Statistics Colloquia, 2006

Department of Mathematics and Statistics, Dalhousie University

Statistics Colloquium Chair: Hong Gu


Unless otherwise indicated, the following location and time apply to all colloquium talks.

Location: Colloquium Room (Chase Building, Room 319)

Time: Thursday 3:30 to 4:30pm.


Date: Feb. 2, 3:30 to 4:30pm
Speaker: Christopher Field, Dalhousie University, Halifax, Canada
Title: Wandering and Outlying Birds: A Statistical Analysis


Wandering North American birds show up in England on a fairly regular basis and are avidly chased and recorded by birders. Will try to predict the abundance of these vagrants based on North American migration counts, migratory behavior and physiological characteristics of a particular species using statistical models.
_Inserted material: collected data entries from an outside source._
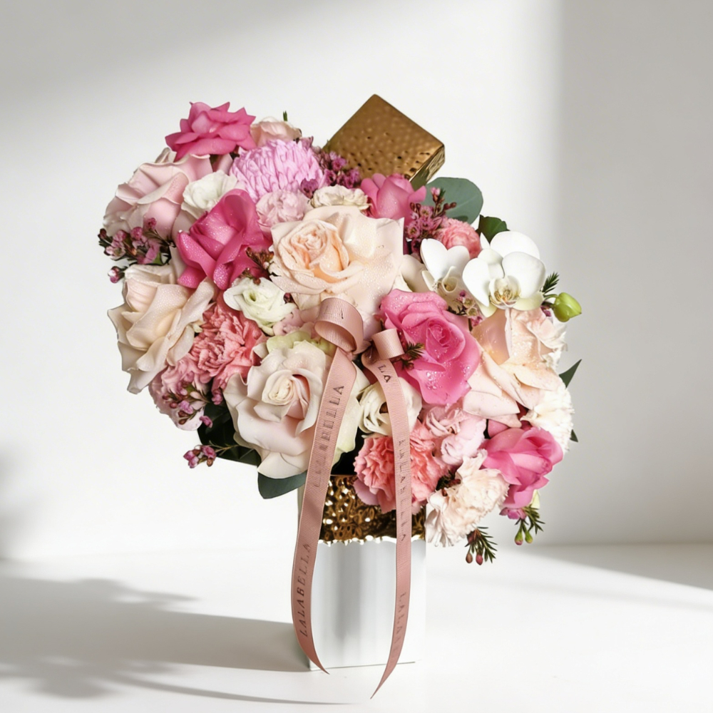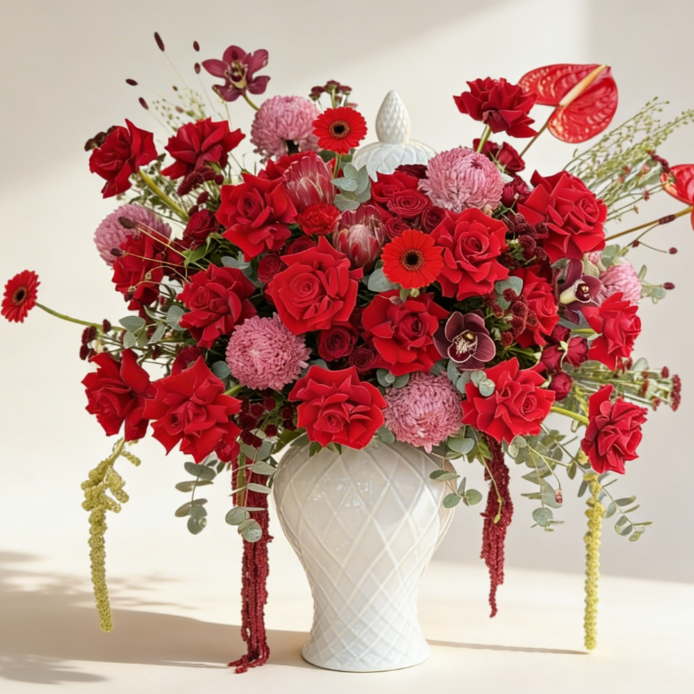 ترتيب مزهرية مذهل يضم أزهارًا كثيفة بألوان غنية من الأحمر مع لمسات دقيقة من الوردي، مصممة بشكل جميل لخلق تأثير جريء وأنيق في الوقت نفسه.
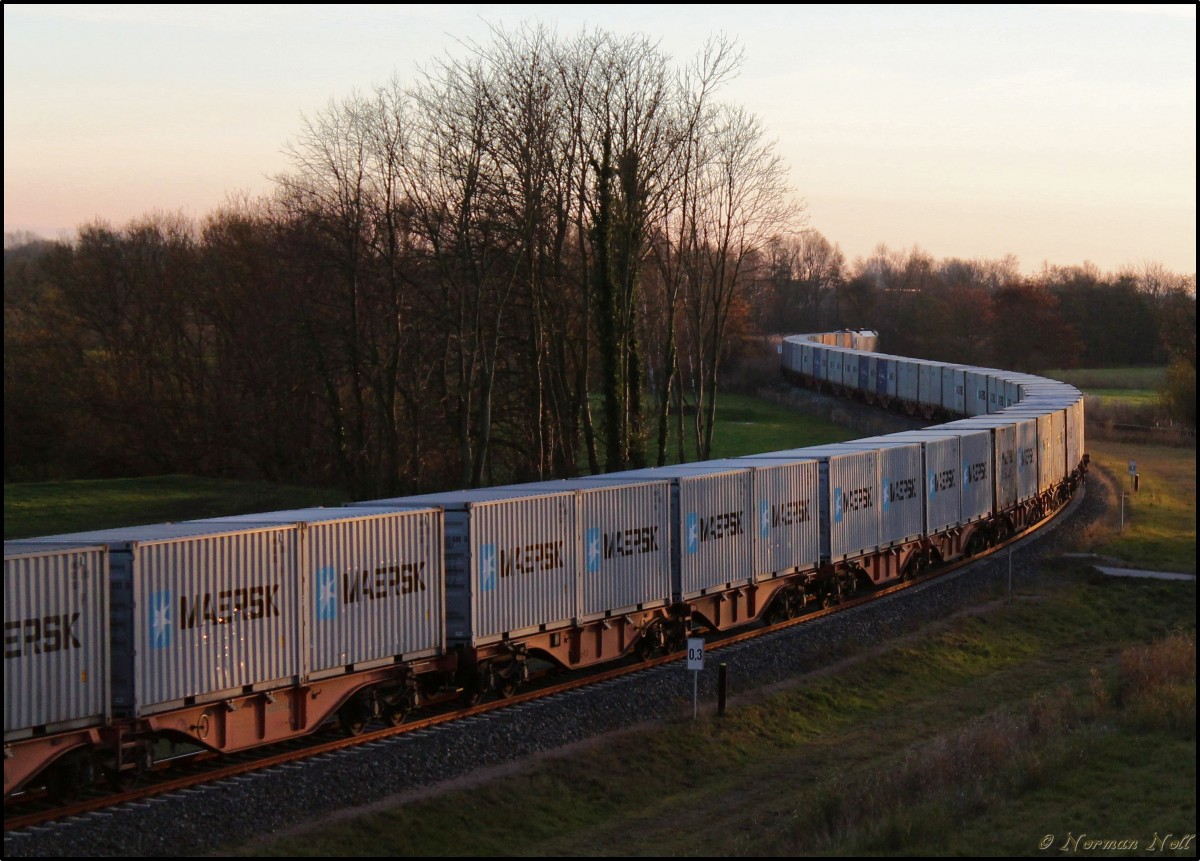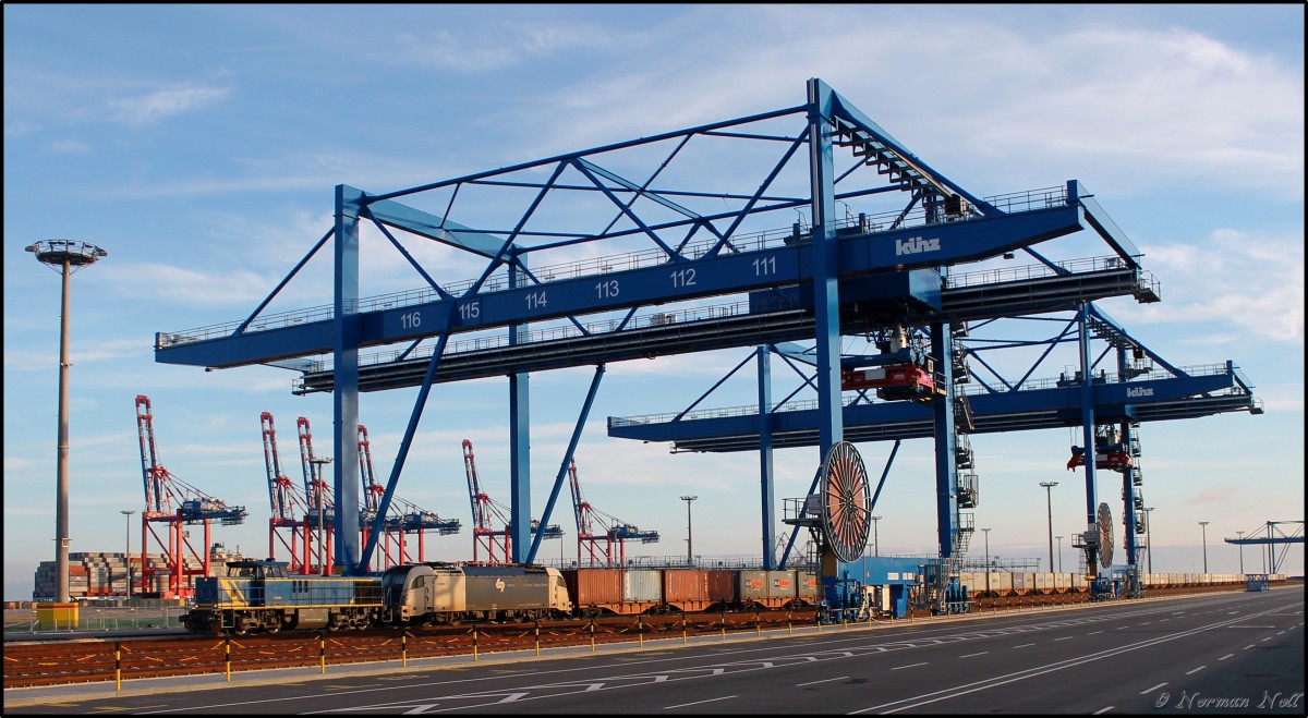 Hier schlängelt sich V 2102 der MWB und 183 705-3 der Wiener Lokalbahnen Cargo GmbH mit Ihrem Containerzug und Lichtspielen übers Wilhelmshavener Industriegleis in Richtung Sande. 23/11/2013 Norman
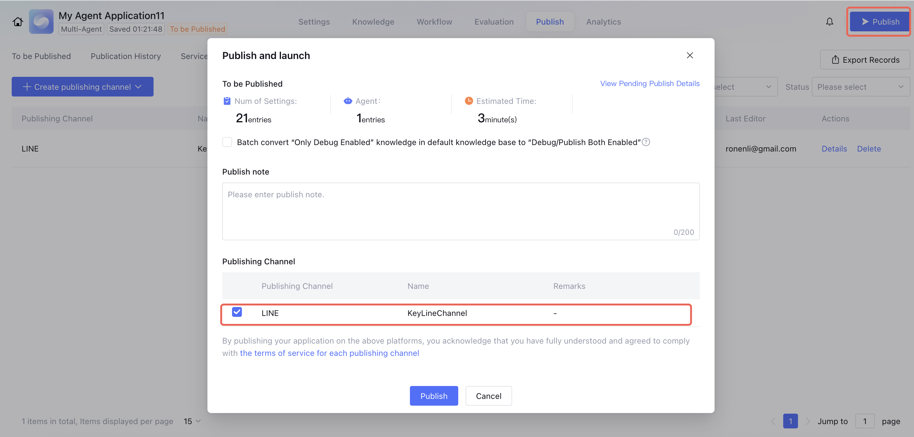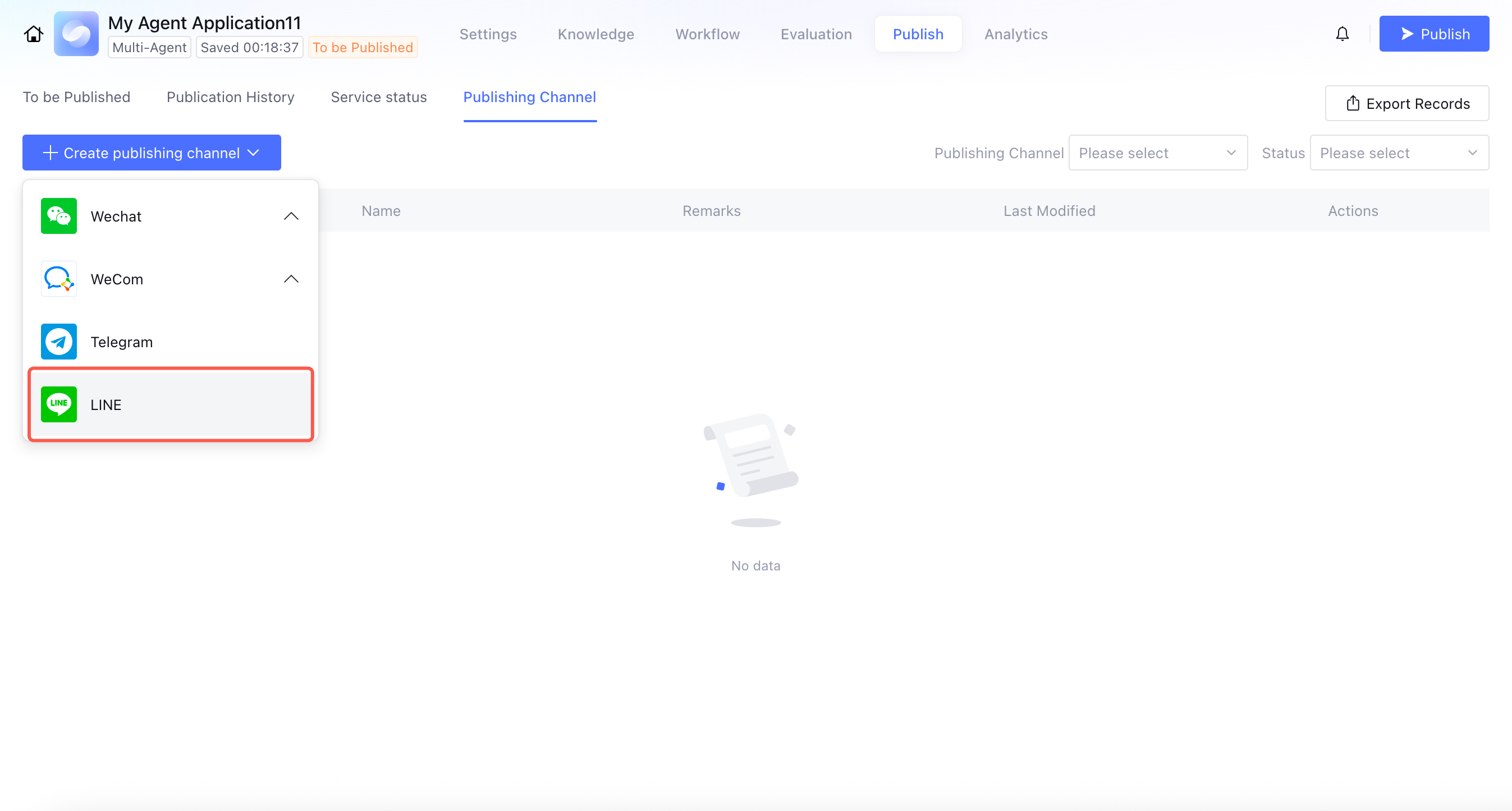 4. When publishing the application, select the LINE channel. After successful publication, you can access LINE to interact with the agent.

In the analysis
we're interested in species which are over-represented as vagrants and perhaps more importantly for the ``twitchers'', the species which haven't shown up but for whom, the predicted values are large. Will examine the role of robustness in this analysis given that the vagrants are already outliers as their behavior deviates from that of the bulk of their species. This is joint work with Ian McLaren and Krista Collins.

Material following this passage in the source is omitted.